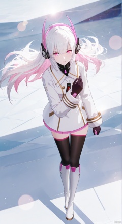 1girl,liv-eclipse/(punishing gray raven), solo, long hair, bangs, thighhighs, gloves, long sleeves, white hair, boots, black gloves, black thighhighs, pink eyes, headgear, headphones, white footwear, white coat, pink inner hair,soft gentle eyes,gentle expression,parted lips,light smile,depth of field, light particles, lens flare, masterpiece,best quality,((artist:reoen),(artist:fuzichoco),(artist:atdan),(artist:torino_aqua:0.5),year 2024:0.5),(artist:omone_hokoma_agm:0.8), 2d, anime,full body,floating,from above
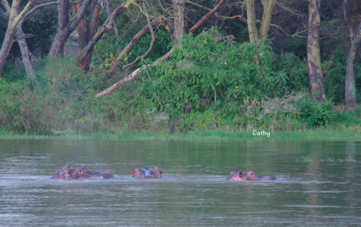 我们游船看到了许多许多成群的河马,河马是这片大陆最危险的动物。它们看着憨厚,实则脾气暴躁。去年有一个 台湾 游客遭到河马的攻击而死亡,且在纳瓦萨湖周边的渔民每年被河马攻击死亡的也是不计其数。所以千万不能被它们的外表所欺骗,不能靠近它们。因烈日当头,河马全部躲在水下乘着凉。当地人应该很熟悉它们的位置,不会去靠近它们。河马是食草动物,天黑以后就会陆续上岸吃草。
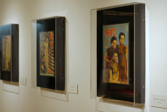 旗袍展柜前后的两幕白墙上陈列了《良友》一系列经典封面、费纳奇镜等多样展品,让观众纵览百年前魔都时尚史、上海电影发展历史。 《良友》封面图展澎湃新闻记者 朱喆 图
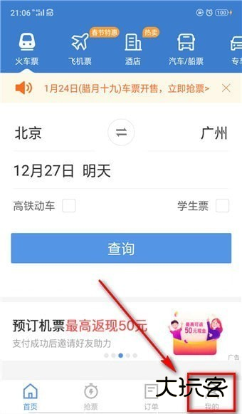 1、在智行火车票上抢学生票只需确认乘客类型是【学生】即可,打开【智行火车票】,点击【我的】;
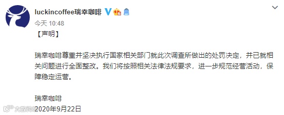 随后,瑞幸咖啡官微发表声明:瑞幸咖啡尊重并坚决执行国家相关部门就此次调查所做出的处罚决定,并已就相关问题进行全面整改。我们将按照相关法律法规要求,进一步规范经营活动,保障稳定运营。

» **Activity**: Repeat each entry exactly. Pictures do not belong in the copy.

» **Output for this exercise**:
 1girl,liv-eclipse/(punishing gray raven), solo, long hair, bangs, thighhighs, gloves, long sleeves, white hair, boots, black gloves, black thighhighs, pink eyes, headgear, headphones, white footwear, white coat, pink inner hair,soft gentle eyes,gentle expression,parted lips,light smile,depth of field, light particles, lens flare, masterpiece,best quality,((artist:reoen),(artist:fuzichoco),(artist:atdan),(artist:torino_aqua:0.5),year 2024:0.5),(artist:omone_hokoma_agm:0.8), 2d, anime,full body,floating,from above
 我们游船看到了许多许多成群的河马,河马是这片大陆最危险的动物。它们看着憨厚,实则脾气暴躁。去年有一个 台湾 游客遭到河马的攻击而死亡,且在纳瓦萨湖周边的渔民每年被河马攻击死亡的也是不计其数。所以千万不能被它们的外表所欺骗,不能靠近它们。因烈日当头,河马全部躲在水下乘着凉。当地人应该很熟悉它们的位置,不会去靠近它们。河马是食草动物,天黑以后就会陆续上岸吃草。
 旗袍展柜前后的两幕白墙上陈列了《良友》一系列经典封面、费纳奇镜等多样展品,让观众纵览百年前魔都时尚史、上海电影发展历史。 《良友》封面图展澎湃新闻记者 朱喆 图
 1、在智行火车票上抢学生票只需确认乘客类型是【学生】即可,打开【智行火车票】,点击【我的】;
 随后,瑞幸咖啡官微发表声明:瑞幸咖啡尊重并坚决执行国家相关部门就此次调查所做出的处罚决定,并已就相关问题进行全面整改。我们将按照相关法律法规要求,进一步规范经营活动,保障稳定运营。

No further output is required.